▶ _TRY IT_: Each line below should be reproduced without any alteration.

*** Opening MATERIAL TO PROCESS ***

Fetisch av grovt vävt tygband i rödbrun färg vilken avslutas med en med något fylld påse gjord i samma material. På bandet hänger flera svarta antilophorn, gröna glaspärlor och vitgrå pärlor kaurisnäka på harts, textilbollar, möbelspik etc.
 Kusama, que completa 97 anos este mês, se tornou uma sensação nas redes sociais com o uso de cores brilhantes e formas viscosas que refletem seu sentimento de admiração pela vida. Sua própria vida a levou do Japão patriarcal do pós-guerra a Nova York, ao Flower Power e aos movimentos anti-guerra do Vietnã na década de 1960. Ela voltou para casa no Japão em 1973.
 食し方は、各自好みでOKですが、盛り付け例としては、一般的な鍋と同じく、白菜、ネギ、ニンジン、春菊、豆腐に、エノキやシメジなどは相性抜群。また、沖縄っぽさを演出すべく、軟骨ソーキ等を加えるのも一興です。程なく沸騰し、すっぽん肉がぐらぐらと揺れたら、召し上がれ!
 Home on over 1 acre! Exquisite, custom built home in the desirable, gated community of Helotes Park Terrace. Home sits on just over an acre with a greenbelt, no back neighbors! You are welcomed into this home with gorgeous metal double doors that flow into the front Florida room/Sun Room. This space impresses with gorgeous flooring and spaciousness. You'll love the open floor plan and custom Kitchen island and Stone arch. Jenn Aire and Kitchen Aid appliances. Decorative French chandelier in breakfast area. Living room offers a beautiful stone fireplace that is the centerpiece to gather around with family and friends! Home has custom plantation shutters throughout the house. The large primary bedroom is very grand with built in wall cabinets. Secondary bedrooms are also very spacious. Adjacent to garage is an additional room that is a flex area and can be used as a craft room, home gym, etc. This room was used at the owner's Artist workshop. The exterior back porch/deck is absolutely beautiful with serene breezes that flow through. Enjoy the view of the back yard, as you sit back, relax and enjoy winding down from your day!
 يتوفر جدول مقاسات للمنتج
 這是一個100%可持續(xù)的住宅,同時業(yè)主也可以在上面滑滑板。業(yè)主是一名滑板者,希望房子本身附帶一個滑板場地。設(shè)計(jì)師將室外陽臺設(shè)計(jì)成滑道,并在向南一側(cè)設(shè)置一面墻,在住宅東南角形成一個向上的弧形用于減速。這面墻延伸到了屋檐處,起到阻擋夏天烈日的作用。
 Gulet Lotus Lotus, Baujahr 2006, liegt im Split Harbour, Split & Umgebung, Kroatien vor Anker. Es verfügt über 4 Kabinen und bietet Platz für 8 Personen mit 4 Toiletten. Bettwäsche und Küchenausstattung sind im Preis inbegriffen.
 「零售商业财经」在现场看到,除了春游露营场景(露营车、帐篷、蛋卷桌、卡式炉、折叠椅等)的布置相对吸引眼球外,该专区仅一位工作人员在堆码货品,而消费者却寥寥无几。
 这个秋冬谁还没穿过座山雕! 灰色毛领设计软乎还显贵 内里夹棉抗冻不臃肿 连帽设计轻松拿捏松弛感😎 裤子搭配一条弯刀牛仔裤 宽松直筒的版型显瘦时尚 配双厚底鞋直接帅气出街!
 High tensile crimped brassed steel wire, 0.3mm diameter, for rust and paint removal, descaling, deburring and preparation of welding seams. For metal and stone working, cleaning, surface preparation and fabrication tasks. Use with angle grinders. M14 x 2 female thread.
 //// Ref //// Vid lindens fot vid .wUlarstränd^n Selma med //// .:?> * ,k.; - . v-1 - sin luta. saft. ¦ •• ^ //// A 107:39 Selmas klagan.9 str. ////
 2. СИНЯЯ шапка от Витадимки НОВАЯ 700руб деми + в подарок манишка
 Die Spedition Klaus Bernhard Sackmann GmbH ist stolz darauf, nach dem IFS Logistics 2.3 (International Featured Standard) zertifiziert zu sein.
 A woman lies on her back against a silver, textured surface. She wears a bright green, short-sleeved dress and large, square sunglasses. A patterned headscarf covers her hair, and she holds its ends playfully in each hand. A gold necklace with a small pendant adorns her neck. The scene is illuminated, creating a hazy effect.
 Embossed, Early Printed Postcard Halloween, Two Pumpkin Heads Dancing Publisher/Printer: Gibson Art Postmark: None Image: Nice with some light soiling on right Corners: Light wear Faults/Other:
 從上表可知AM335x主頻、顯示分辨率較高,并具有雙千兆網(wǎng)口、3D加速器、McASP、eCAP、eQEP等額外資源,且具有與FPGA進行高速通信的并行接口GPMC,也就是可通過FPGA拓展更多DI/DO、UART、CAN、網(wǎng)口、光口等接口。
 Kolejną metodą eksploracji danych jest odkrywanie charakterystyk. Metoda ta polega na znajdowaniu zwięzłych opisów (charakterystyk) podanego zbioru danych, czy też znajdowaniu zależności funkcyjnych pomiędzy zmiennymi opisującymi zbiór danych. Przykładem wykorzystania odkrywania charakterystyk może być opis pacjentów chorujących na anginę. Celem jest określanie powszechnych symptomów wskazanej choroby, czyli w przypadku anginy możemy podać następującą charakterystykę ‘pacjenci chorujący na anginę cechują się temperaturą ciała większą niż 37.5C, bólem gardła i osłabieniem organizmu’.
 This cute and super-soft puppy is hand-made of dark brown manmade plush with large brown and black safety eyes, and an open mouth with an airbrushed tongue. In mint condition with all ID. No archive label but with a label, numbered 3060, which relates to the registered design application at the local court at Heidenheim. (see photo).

*** Closing MATERIAL TO PROCESS ***

▶ _REPLY TO THE EXERCISE_:
Fetisch av grovt vävt tygband i rödbrun färg vilken avslutas med en med något fylld påse gjord i samma material. På bandet hänger flera svarta antilophorn, gröna glaspärlor och vitgrå pärlor kaurisnäka på harts, textilbollar, möbelspik etc.
 Kusama, que completa 97 anos este mês, se tornou uma sensação nas redes sociais com o uso de cores brilhantes e formas viscosas que refletem seu sentimento de admiração pela vida. Sua própria vida a levou do Japão patriarcal do pós-guerra a Nova York, ao Flower Power e aos movimentos anti-guerra do Vietnã na década de 1960. Ela voltou para casa no Japão em 1973.
 食し方は、各自好みでOKですが、盛り付け例としては、一般的な鍋と同じく、白菜、ネギ、ニンジン、春菊、豆腐に、エノキやシメジなどは相性抜群。また、沖縄っぽさを演出すべく、軟骨ソーキ等を加えるのも一興です。程なく沸騰し、すっぽん肉がぐらぐらと揺れたら、召し上がれ!
 Home on over 1 acre! Exquisite, custom built home in the desirable, gated community of Helotes Park Terrace. Home sits on just over an acre with a greenbelt, no back neighbors! You are welcomed into this home with gorgeous metal double doors that flow into the front Florida room/Sun Room. This space impresses with gorgeous flooring and spaciousness. You'll love the open floor plan and custom Kitchen island and Stone arch. Jenn Aire and Kitchen Aid appliances. Decorative French chandelier in breakfast area. Living room offers a beautiful stone fireplace that is the centerpiece to gather around with family and friends! Home has custom plantation shutters throughout the house. The large primary bedroom is very grand with built in wall cabinets. Secondary bedrooms are also very spacious. Adjacent to garage is an additional room that is a flex area and can be used as a craft room, home gym, etc. This room was used at the owner's Artist workshop. The exterior back porch/deck is absolutely beautiful with serene breezes that flow through. Enjoy the view of the back yard, as you sit back, relax and enjoy winding down from your day!
 يتوفر جدول مقاسات للمنتج
 這是一個100%可持續(xù)的住宅,同時業(yè)主也可以在上面滑滑板。業(yè)主是一名滑板者,希望房子本身附帶一個滑板場地。設(shè)計(jì)師將室外陽臺設(shè)計(jì)成滑道,并在向南一側(cè)設(shè)置一面墻,在住宅東南角形成一個向上的弧形用于減速。這面墻延伸到了屋檐處,起到阻擋夏天烈日的作用。
 Gulet Lotus Lotus, Baujahr 2006, liegt im Split Harbour, Split & Umgebung, Kroatien vor Anker. Es verfügt über 4 Kabinen und bietet Platz für 8 Personen mit 4 Toiletten. Bettwäsche und Küchenausstattung sind im Preis inbegriffen.
 「零售商业财经」在现场看到,除了春游露营场景(露营车、帐篷、蛋卷桌、卡式炉、折叠椅等)的布置相对吸引眼球外,该专区仅一位工作人员在堆码货品,而消费者却寥寥无几。
 这个秋冬谁还没穿过座山雕! 灰色毛领设计软乎还显贵 内里夹棉抗冻不臃肿 连帽设计轻松拿捏松弛感😎 裤子搭配一条弯刀牛仔裤 宽松直筒的版型显瘦时尚 配双厚底鞋直接帅气出街!
 High tensile crimped brassed steel wire, 0.3mm diameter, for rust and paint removal, descaling, deburring and preparation of welding seams. For metal and stone working, cleaning, surface preparation and fabrication tasks. Use with angle grinders. M14 x 2 female thread.
 //// Ref //// Vid lindens fot vid .wUlarstränd^n Selma med //// .:?> * ,k.; - . v-1 - sin luta. saft. ¦ •• ^ //// A 107:39 Selmas klagan.9 str. ////
 2. СИНЯЯ шапка от Витадимки НОВАЯ 700руб деми + в подарок манишка
 Die Spedition Klaus Bernhard Sackmann GmbH ist stolz darauf, nach dem IFS Logistics 2.3 (International Featured Standard) zertifiziert zu sein.
 A woman lies on her back against a silver, textured surface. She wears a bright green, short-sleeved dress and large, square sunglasses. A patterned headscarf covers her hair, and she holds its ends playfully in each hand. A gold necklace with a small pendant adorns her neck. The scene is illuminated, creating a hazy effect.
 Embossed, Early Printed Postcard Halloween, Two Pumpkin Heads Dancing Publisher/Printer: Gibson Art Postmark: None Image: Nice with some light soiling on right Corners: Light wear Faults/Other:
 從上表可知AM335x主頻、顯示分辨率較高,并具有雙千兆網(wǎng)口、3D加速器、McASP、eCAP、eQEP等額外資源,且具有與FPGA進行高速通信的并行接口GPMC,也就是可通過FPGA拓展更多DI/DO、UART、CAN、網(wǎng)口、光口等接口。
 Kolejną metodą eksploracji danych jest odkrywanie charakterystyk. Metoda ta polega na znajdowaniu zwięzłych opisów (charakterystyk) podanego zbioru danych, czy też znajdowaniu zależności funkcyjnych pomiędzy zmiennymi opisującymi zbiór danych. Przykładem wykorzystania odkrywania charakterystyk może być opis pacjentów chorujących na anginę. Celem jest określanie powszechnych symptomów wskazanej choroby, czyli w przypadku anginy możemy podać następującą charakterystykę ‘pacjenci chorujący na anginę cechują się temperaturą ciała większą niż 37.5C, bólem gardła i osłabieniem organizmu’.
 This cute and super-soft puppy is hand-made of dark brown manmade plush with large brown and black safety eyes, and an open mouth with an airbrushed tongue. In mint condition with all ID. No archive label but with a label, numbered 3060, which relates to the registered design application at the local court at Heidenheim. (see photo).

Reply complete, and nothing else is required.